For a function of two variables it is equivalent to finding an approximation to the volume under the surface. Numerical integration is often also referred to as quadrature or sometimes cubature for functions of two or more variables. Returning to the one variable case, numerical integration involves finding the approximation to an integral of a function f(x) through its evaluation at a set of discrete points. There are two distinct approaches to this. Firstly methods like the trapezium rule or Simpson's rule determine the integral through evaluating f(x) at regularly spaced points. These are generally referred to as Newton-Cotes formulae.
Alternative methods termed Gaussian Quadrature methods have arisen that select irregularly-placed evaluation points, chosen to determine the integral as accurately as possible with a given set of points.
Gaussian Quadrature methods are important as they often lead to very efficient methods. In numerical integration the efficiency of the method relates to the accuracy obtained with respect to the number of evaluations of the function f(x). In intensive methods such as the boundary element method integrations may need to be performed millions of times so the efficiency of the methods needs to be considered sometimes.

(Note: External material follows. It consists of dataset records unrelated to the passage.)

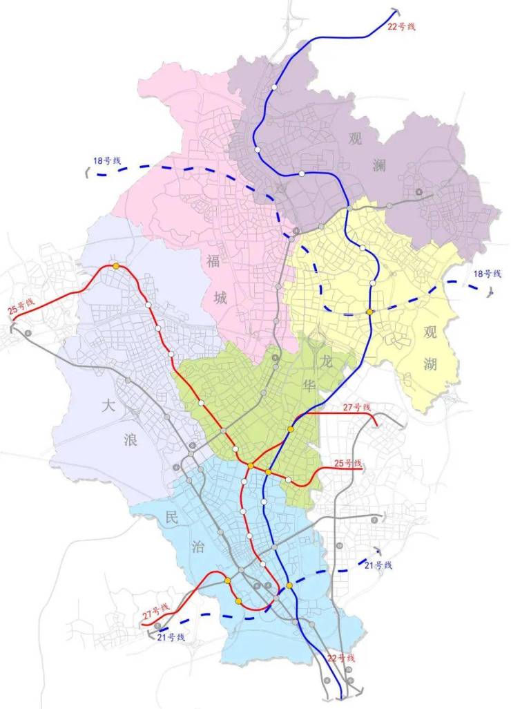 轨道22、25、27号线均被列入市轨道五期建设规划方案,龙华区新建轨道总里程数达46公里,在全市各区中名列第二。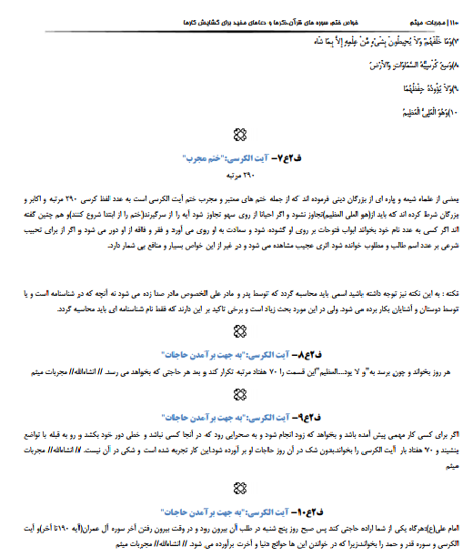 کتاب مجربات میثم در باب خواص سوره های قرآن، ذکرها و دعاهای مفید برای گشایش کارها و اجابت دعاها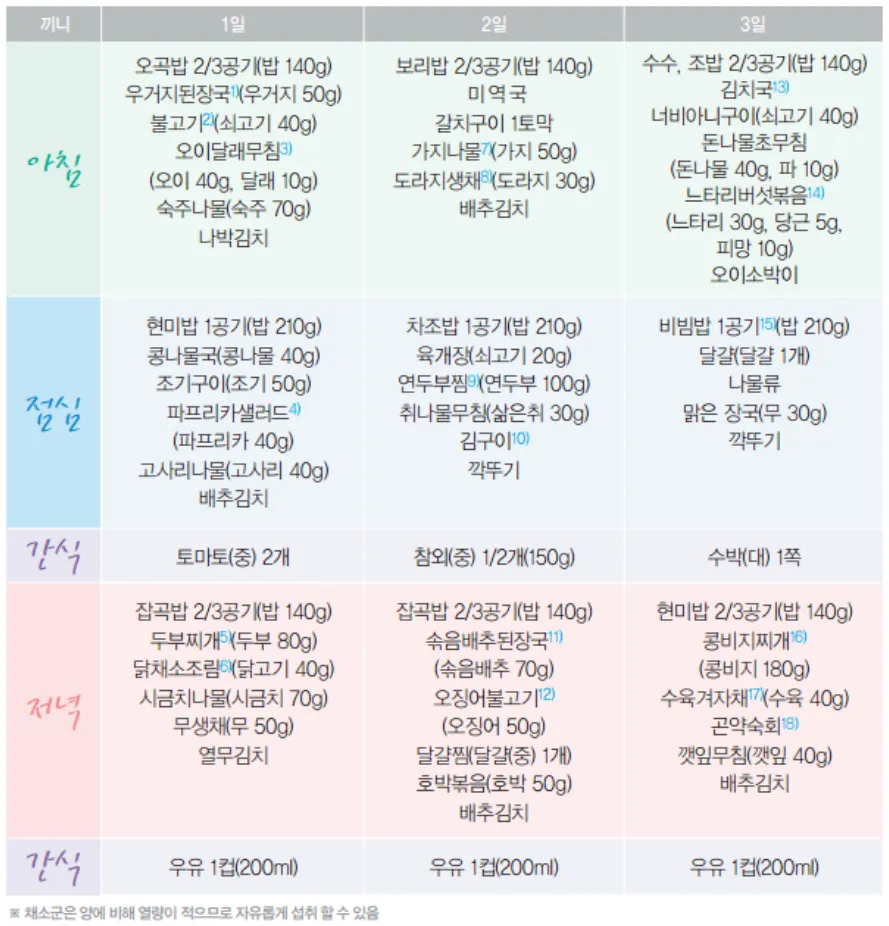 식단표를 참고하셔서 개인에 맞게 적용하세요.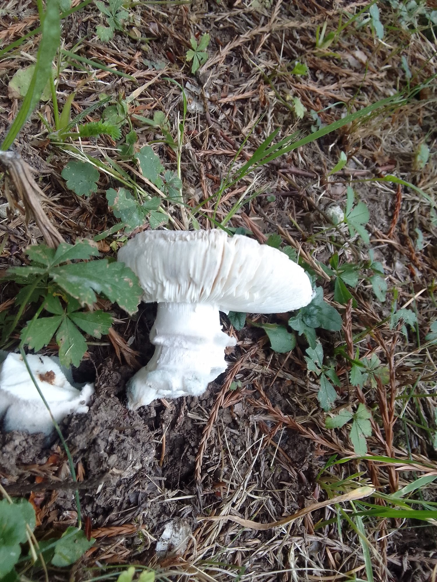 Lames crèmes et pied vraisemblablement radicant et bulbeux. Verrues du chapeau assez larges, floconneuses. Chapeau devenu plat et parasité sur le vieux. Taille 7 a 8 cm de diametre.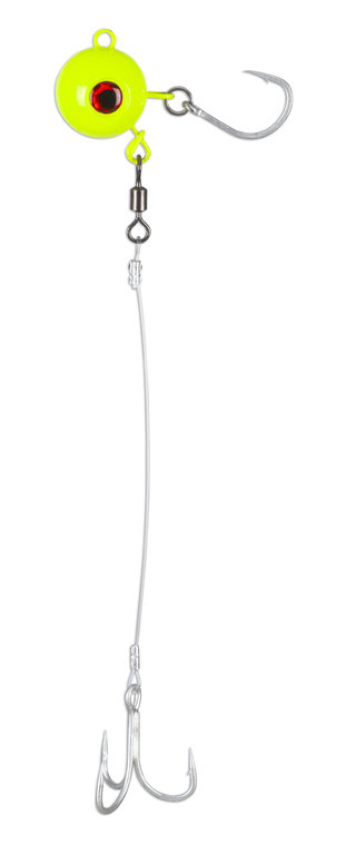 Heavyweight fireball system for saltwater fishing. The system comes with a lead head, a hook mounted with a split ring, and a size 4/0 fluorocarbon stinger with a treble hook. A special replacement hook is also included for use with soft plastic lures, for example. All hooks are coated with a rust-resistant finish. The stinger can be easily attached using the quick-change system on the lead head. The lead head is also coated with fluorescent paint. The system is available in weights from 200g to 500g.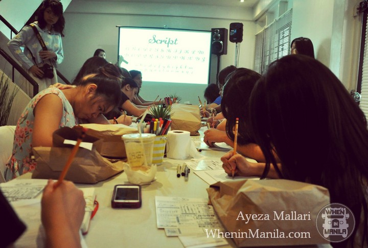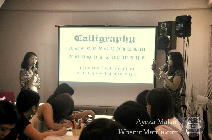 The workshop started with short introductions about the speakers and the craft of lettering. We saw the basic types and the art and technicalities behind lettering. After educating ourselves through the lessons, Abbey passed around her works for the students to see as samples. And then for the hands-on part of the workshop, the students practiced their lettering skills on a piece of intermediate pad paper.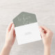 Cette faire-part de mariage minimaliste tout-en-un présente une typographie élégante sur un arrière - plan vert sage. L'invitation comprend une carte RSVP perforée qui peut être adressée individuellement ou laissée vide afin que vous puissiez écrire à la main les coordonnées de votre invité. Conçu par Thisisnotme©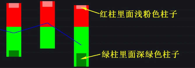 该副图指标放大效果如下图,红色柱子代表龙虎榜的总买入金额,里面浅粉色柱子为机构买入总金额,剩余即为游资买入总金额。绿柱柱子代表龙虎榜的总卖出金额,里面深绿色柱子为机构卖出总金额,剩余即为游资卖出总金额。
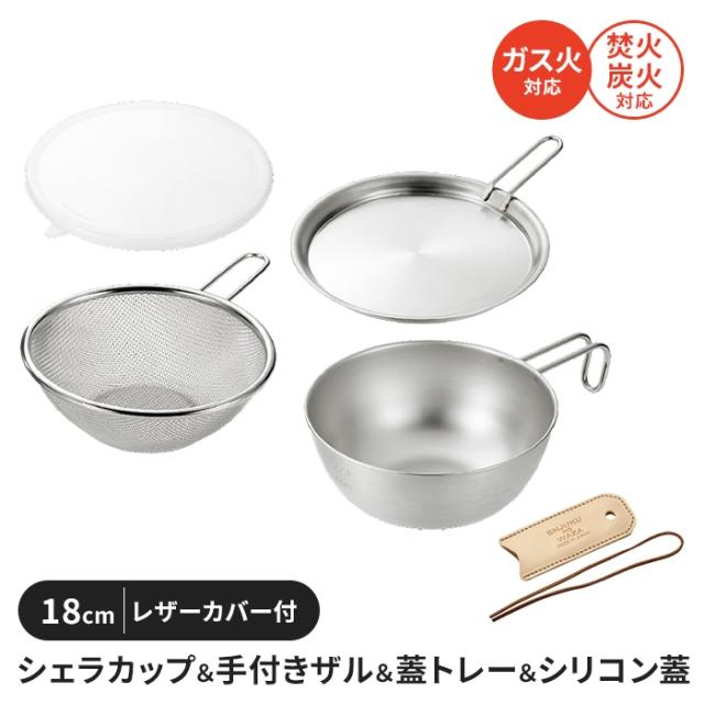 【値下げ】シェラカップ・ボウルセット 18cm 手付きザル 蓋トレー シリコン蓋 レザーカバー ステンレス製 直火 コンパクトキャンプ用品
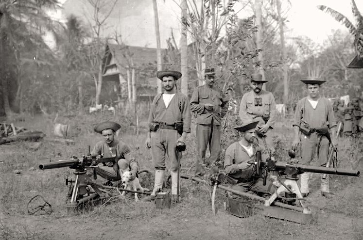 Afb. 8. ‘Masepe [september 1905, luitenant ter zee 2e klasse] de Beaufort [met verrekijker] met zijn beide 3.7 cM’ [stukken snelvuur]. De twee geknielde schutters houden ieder een patroon in de hand. De kanonnen, die ook aan boord konden worden gebruikt, zijn geplaatst op een affuit, de zogenaamde stoel klein, die 127 kg weegt. (Legermuseum Delft)

In general, care must be taken to match the numerical integration method to the expected nature of the function f(x). Typically, it may be known that f(x) is regular. On the other hand f(x) may be singular or oscillatory and will then need special treatment. Often a special method called a product integration method can be developed for the integration of functions of the form f(x) = w(x)g(x) where w(x) is a pre-set function and the function and g(x) is known to be a relatively nice function.
For an introduction to numerical integration methods please see Numerical Integration or Quadrature .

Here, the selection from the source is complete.